The title of Cummings' dissertation was "I and my family." "I can't tell you what I don't know," he said, "so I'll tell you something about myself."
Cummings said he would not attempt to analyze poetry. He will, however, devote fifteen minutes of each lecture to reading poetry "I am in no way connected with. That will leave thirty-five minutes to ramble on about myself."
Last night Cummings read William Wordsworth's "Recollections of Childhood."
He spent the first part of the hour-long lecture justifying his subject. "You may ask," he said, "is the so-called poet a victim of galloping egocentricity or is he just plain simple-minded?"
"Egocentricity"
"Let's settle for egocentricity," he continued, "and who, may I ask, isn't egocentric?"
In his first lecture, Cummings spoke about his father and mother. In the future, he will discuss himself, when he ceased being dependent on his parents. He will talk about his "self-discovery" and, finally, his stance as a poet.
Cummings' father, Edward Cummings '83, was a Cambridge Unitarian minister.

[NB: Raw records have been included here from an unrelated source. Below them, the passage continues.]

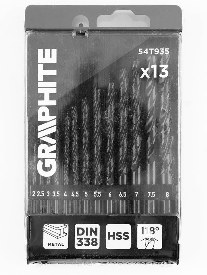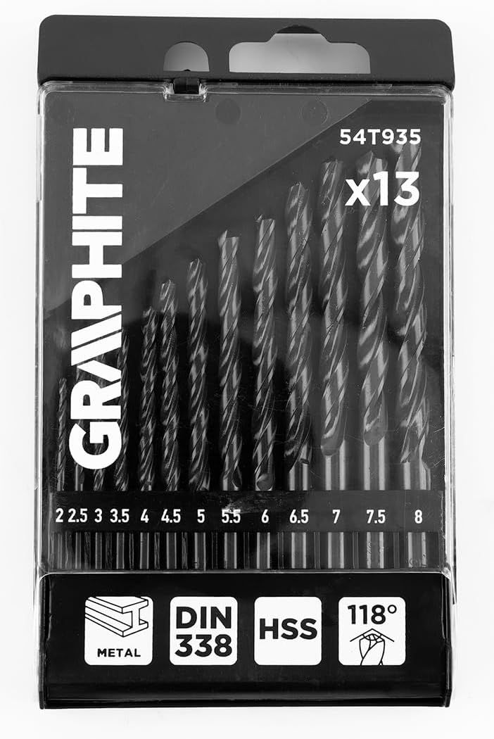 Набір свердел по металу GRAPHITEHSS зі швидкорізальної сталі HSS 2-8мм кейс 13шт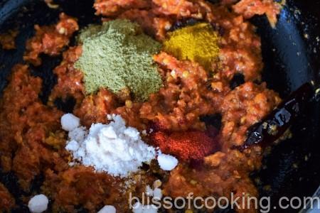 - Add the ginger, tomatoes and sugar, sauté till the tomatoes are mushy and oil starts to separate.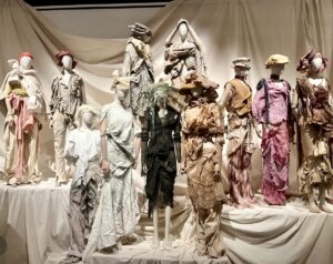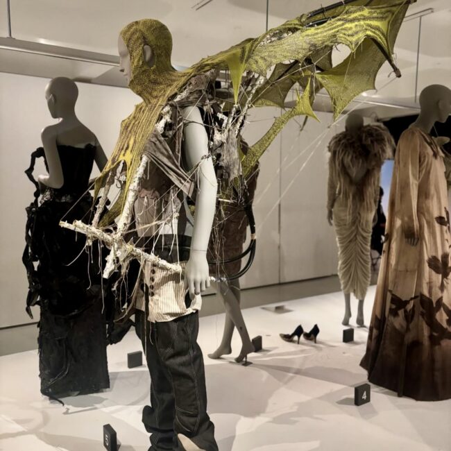 We then step back further with pieces from the AW 1982 Nostalgia of Mud collection by Vivienne Westwood and Malcolm McLaren. This collection wanted to explain how the roots of our culture lay in primitive societies. This work is shown alongside similarly inspired pieces by various other designers such as Issey Miyake and Alexander McQueen.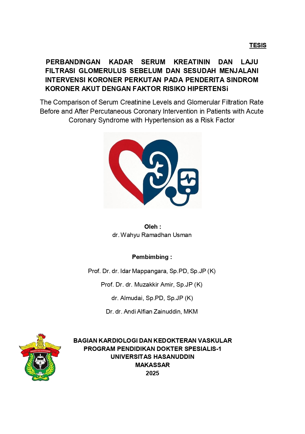 USMAN, WAHYU RAMADHAN (2025) Perbandingan Kadar Serum Kreatinin dan Laju Filtrasi Glomerulus Sebelum dan Sesudah Menjalani Intervensi Koroner Perkutan pada Penderita Sindrom Koroner Akut dengan Faktor Risiko Hipertensi = The Comparison of Serum Creatinine Levels and Glomerular Filtration Rate Before and After Percutaneous Coronary Intervention in Patients with Acute Coronary Syndrome with Hypertension as a Risk Factor. Skripsi thesis, Universitas Hasanuddin.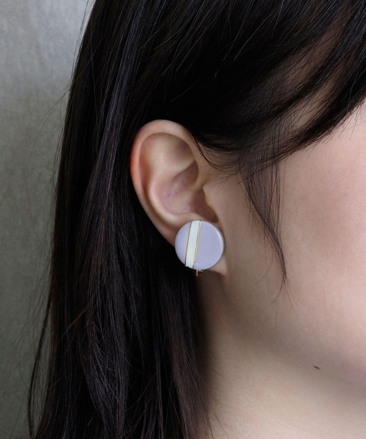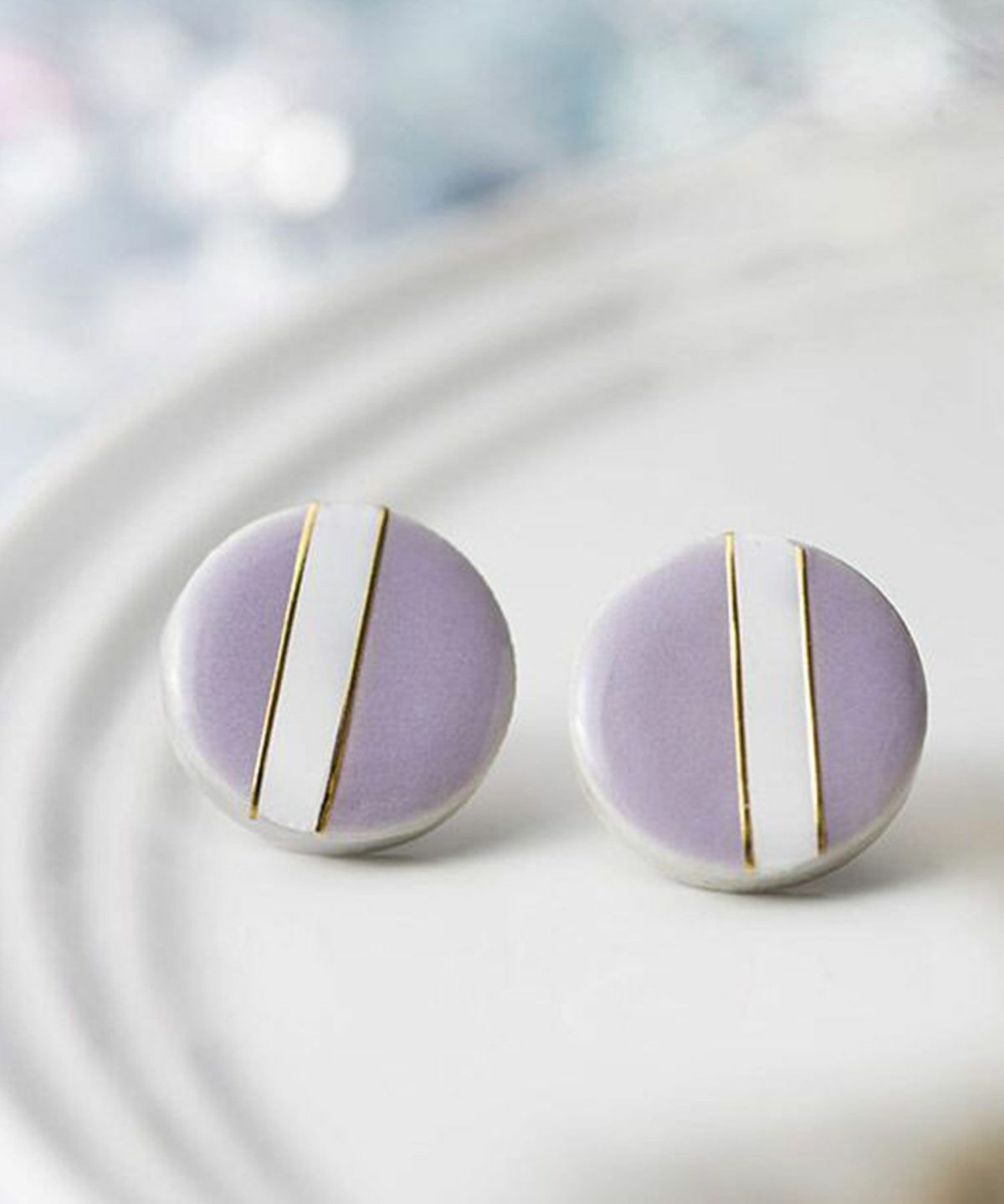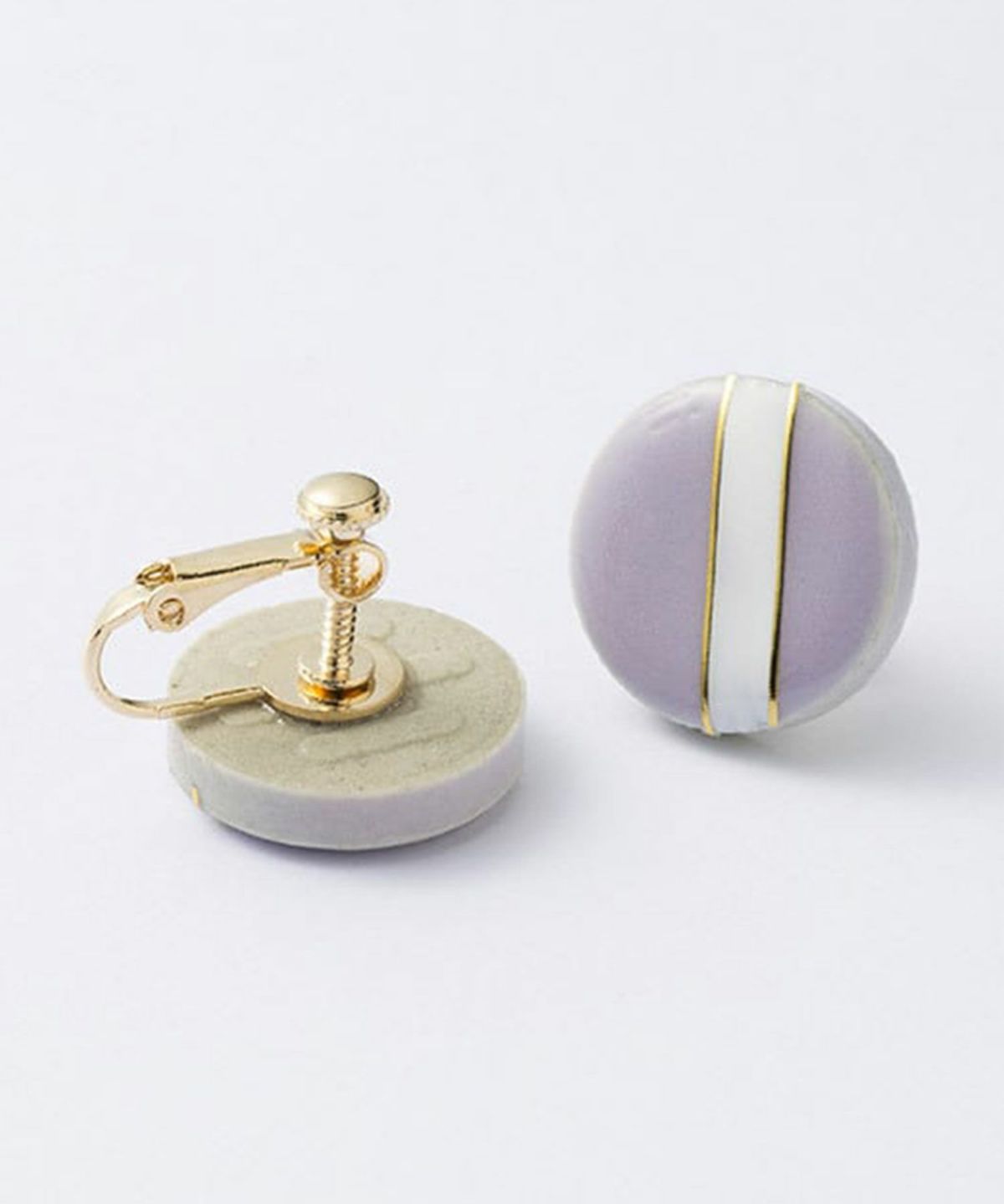 伝統工芸品、美濃焼陶器のイヤリング。温かみのある陶器にクラシックなテイストをプラスしたクラシックラインは、爽やかなカラーの組み合わせが特徴です。 ニュアンスカラーのライラックにホワイトとゴールドのデザインが顔回りをおしゃれに演出。大人スタイルにおすすめです。

By recalling his past, said Cummings, he was recreating a world of "long-lost personages: my parents and their sons." He will, in his next lecture, describe "the mysterious moment of self-discovery" after which he became the poetry he writes.
In his other lectures Cummings promised to "name Charles Eliot Norton's coachman and define sleep. . . . If you ask me," he said, "why talk about triviality, I shall answer: "What are they?"